I have been harboring a secret.
A few weeks ago, romance once again stalked me at the Save A Lot. Yes, it's been a while since that fateful New Year's Day when a woman followed me through the store, proclaimed me to be SO PRETTY, and stroked my arm. But a potential new significant other has once again appeared upon the horizon.
This one was of the male persuasion. There I was, boxing my reasonably-priced foodstuffs at the long counter under the front window. Out of the corner of my left eye, I spied a wiry little hillbilly. His hairstyle would best be described as Eddie Van Halen in his medium-length era, only dirty-blond (the color, not the cleanliness quotient). Little Hillbilly's country ensemble was composed of the requisite white wife-beater, a pair of nondescript jeans, and white leather hightop sneakers, the style of which was popular in the 1980s. His height brought him a bit past my shoulder.

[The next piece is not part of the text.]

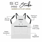 Professional Barber Apron – Durable, Adjustable, and Functional Built for daily use in the shop, this professional-grade apron is made from heavyweight, 100% polyester fabric that’s water-repellent and resistant to dyes and chemical splashes. Designed to fit most body types, it features an adjustable 29″ shoulder strap and 55.5″ waist strap for a secure, comfortable…

At first I assumed he wanted to grab a plastic bag. I was blocking one of four bag-dispensers. There was a lady on the back side of me at another one. But two were still available to my left. Little Hillbilly held out his hand. I glanced his way. He was proffering money! Paper money! I met his gaze.
"Oops! Sorry! I thought you were someone else."

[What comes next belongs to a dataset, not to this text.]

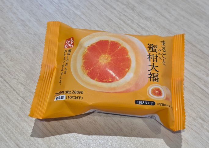 Sさんが最初に食べたのは、ファミリーマートで限定発売されている「まるごと蜜柑大福」。その名の通り大きな大福の中に白あんとミカン1個が丸っと入った、コンビニスイーツとは思えない贅沢な商品です。

Was that some kind of pickup line? Was he mistaking me for a prostitute? Was he a chubby-chaser? A future country singer with a rap sheet a mile long wishing me to be the Lib Hatcher to his Randy Travis? Little Hillbilly was a congenial dude. He chuckled at himself.
"Here we go." He went to the lady behind me. She might have been his mom. Or his Lib Hatcher. He handed her the money. And apologized again. "I really need to watch what I'm doing. Heh, heh."
I really need to start wearing my wedding ring when I shop at Save A Lot.